BM Nüfus Fonu (UNFPA), Kahramanmaraş’ta Anne Çocuk Eğitim Vakfı (AÇEV) ortaklığı ve ABD Hükümeti’nin finansal desteğiyle kız çocuklarının güçlenmesi için çalışıyor. Bu kapsamda, belirlenen konteyner kentlerde 12-18 yaş kız çocuklarına yönelik çocuk yaşta evlilikler de dahil olmak üzere koruma ve ergen sağlığı ve gelişimini içeren eğitim programları düzenleniyor.
‘Okumaya kararlıyım’
Irmak (12), depremde hem evini hem de anneanne ve dedesini kaybetti. Genç kız felaketten 18 ay sonra, ailesiyle birlikte yaşadığı konteyner kentte, bir yandan okuluna devam ediyor bir yandan da kurslara ve etkinliklere katılıyor. En büyük hayalini “Okumaya çok kararlı bir insanım. Çalışıp kendi işimin başında olmak istiyorum” diyerek anlatıyor. Eğitim programına katıldıktan sonra yeni arkadaşlar edindiğini, sosyalleştiğini ve çok şey öğrendiğini anlatıyor Irmak.

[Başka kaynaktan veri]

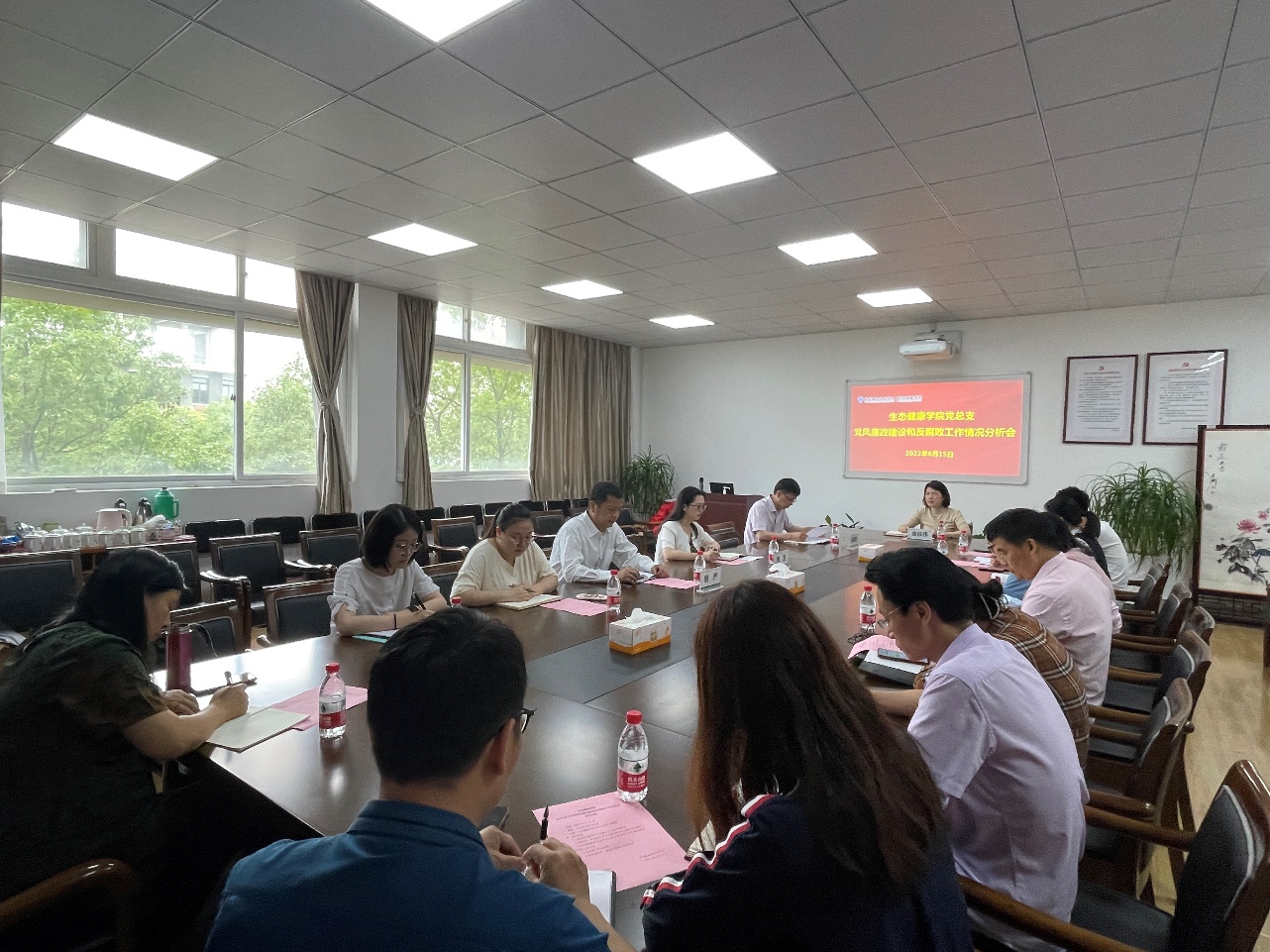 6月15日上午,生态健康学院党总支在生态西2203会议室召开2022年上半年党风廉政建设和反腐败工作情况分析会。校党委委员、副校长金徐伟出席会议,分院党总支书记、院长童国通主持会议,党总支全体委员、分院全体科级干部、支部书记及专业负责人参加会议。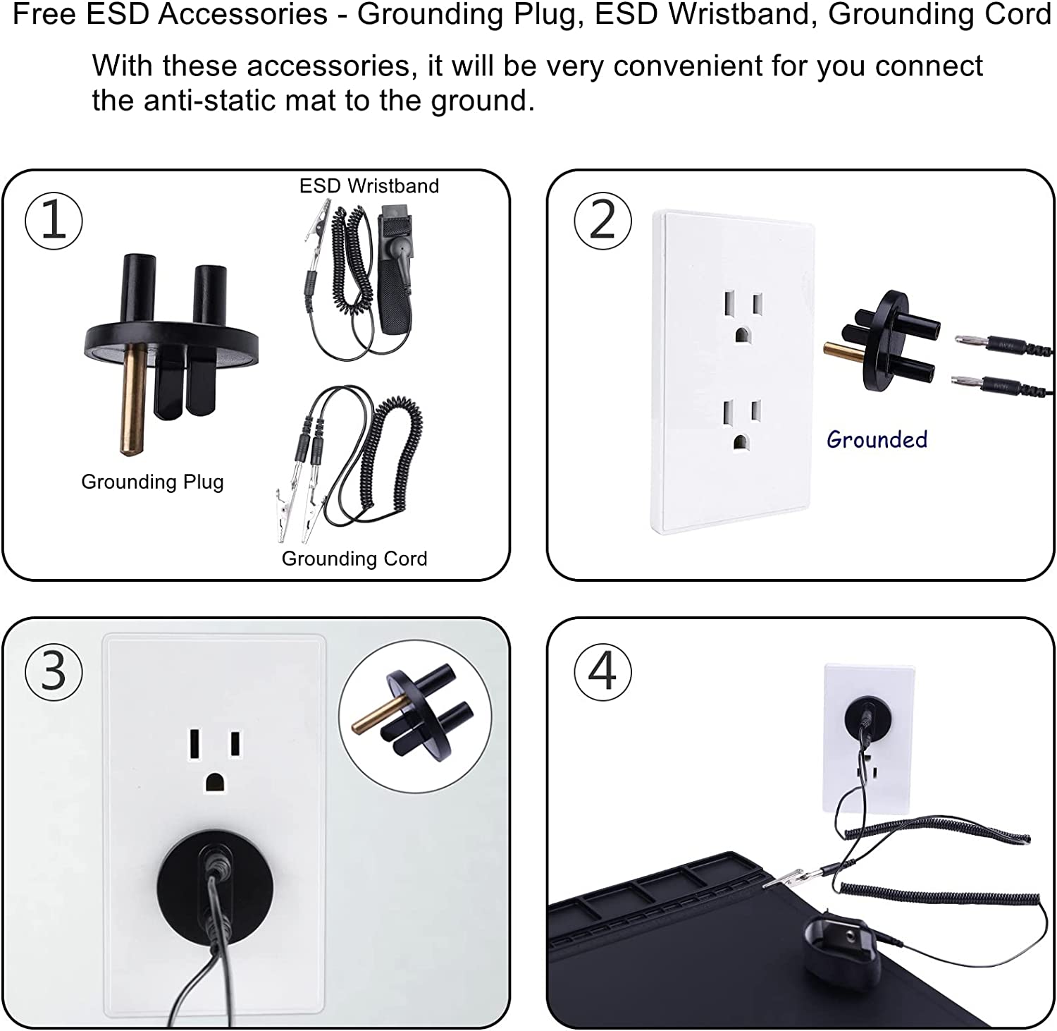 • ? 【Free Gifts ESD Accessories】- The product contains a combination of accessories kits as gift. It Includes grounding Plug, Grounding Cord, and ESD wristband. With these accessories, They will be very convenient for you connecting the anti-static mat to the ground and effectively protect your electronics devices.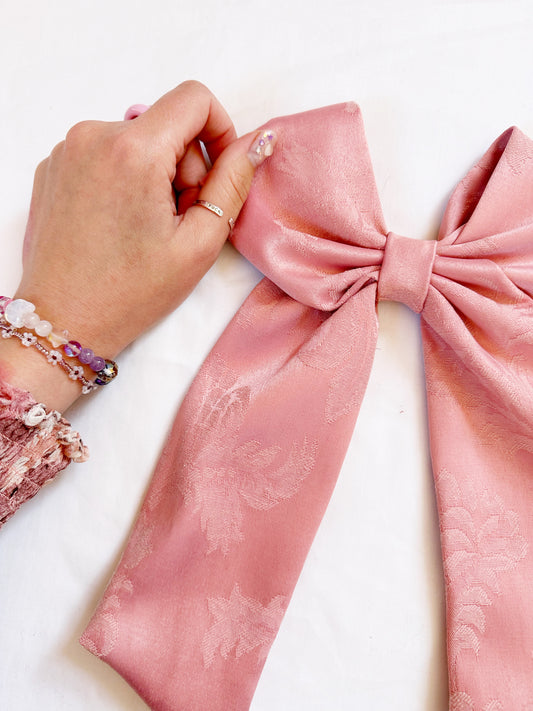 POWER Hair Bow in pink damask

Haklarını bilen ve kendi ayakları üzerine durabilen “Bahar” adında sembol bir karakter büyüttüklerini söylüyor: “Bahar’ı mesela her gün birlikte büyütüyoruz, onunla birlikte çocuk haklarını, şiddete karşı haklarımızı öğreniyoruz.”
‘Daha güçlüyüm’
Lise öğrencisi Sudenaz (15) da, depremde evlerini kaybettikten sonra ailesiyle konteynere yerleşmek zorunda kaldı. Geçici yaşam koşullarına alışmakta uzun süre zorlandığını, evlerindeki gibi bir düzen kuramasalar da yeni normallerine alışmaya çalıştıklarını söylüyor. Eğitim programımızın hem sosyalleşmesine hem de pek çok konuda farkındalığının artmasına destek olduğunu anlatıyor. “Kendimi ifade edebilmeyi ve istemediğim zaman karşımdaki insana ‘hayır’ ve ‘dur’ diyebileceğimi öğrendim” diyen Sudenaz, toplumsal cinsiyet eşitliği ve çocuk yaşta, erken ve zorla evlilikler ile ilgili de artık çok daha bilinçli olduğunu söylüyor: “Herkesin eşit olduğunu ve aynı haklara sahip olduğunu öğrendik. Bir çocuğun evliliğe zorlanması durumunda ne yapabileceğini, nerelere başvurabileceğini öğrendim. Kendimi çok daha güçlü ve bilinçli hissediyorum.”
‘Bir kızın okuması lazım’
Lise öğrencisi Melike (16) de depremin ardından büyük zorluklar yaşadı. Afetten sonra bir süre arabada kaldıklarını, sonra Mersin’e gittiklerini ancak iki hafta sonra meydana gelen ve Mersin’i de etkileyen üçüncü büyük depremden sonra tekrar Kahramanmaraş’a döndüklerini anlatıyor. Bir süre çadırda kaldıktan sonra yerleştikleri konteynerde yeni bir düzen kurmaya çalıştıklarını söylüyor. Bedenlerini ve duygularını tanımaktan eşitliğe, teknolojinin olumlu ve olumsuz getirilerinden eğitimin önemine kadar pek çok konuda konuştuklarını ve kendini geliştirdiğini anlatan Melike, hem güçlendiğini hem de eğitimine devam etmekle ilgili kararlılığının arttığını anlatıyor: “Bir kızın okuması lazım, ayakları üzerinde durabilmesi lazım. Bir erkeğe ya da başka bir kadına, kimseye muhtaç olmamalı. Benim en büyük hayalim de okumak ve kendi ayaklarımın üstünde durmak.”
‘Yalnız değilim’
Eğitim programına katılan genç kızlardan bir diğeri de açık lise öğrencisi Aliye (16), iki kardeşiyle birlikte Kahramanmaraş’ta bir konteyner kentte yaşıyor. Aliye, ailelerin eğitim konusunda daha özenli olması gerektiğini söylüyor ve eğitimde öğrendiklerinin ona neler kattığını anlatıyor: “Burada özgüvenim gelişti. Kız çocuklarının okumasının ne kadar önemli olduğunu bir kez daha anladım. Yalnız olmadığımı, arkamda olduklarını ve kimseye karşı ezilmeyebileceğimi anladım. Bu yüzden kendimi çok daha güçlü hissediyorum.”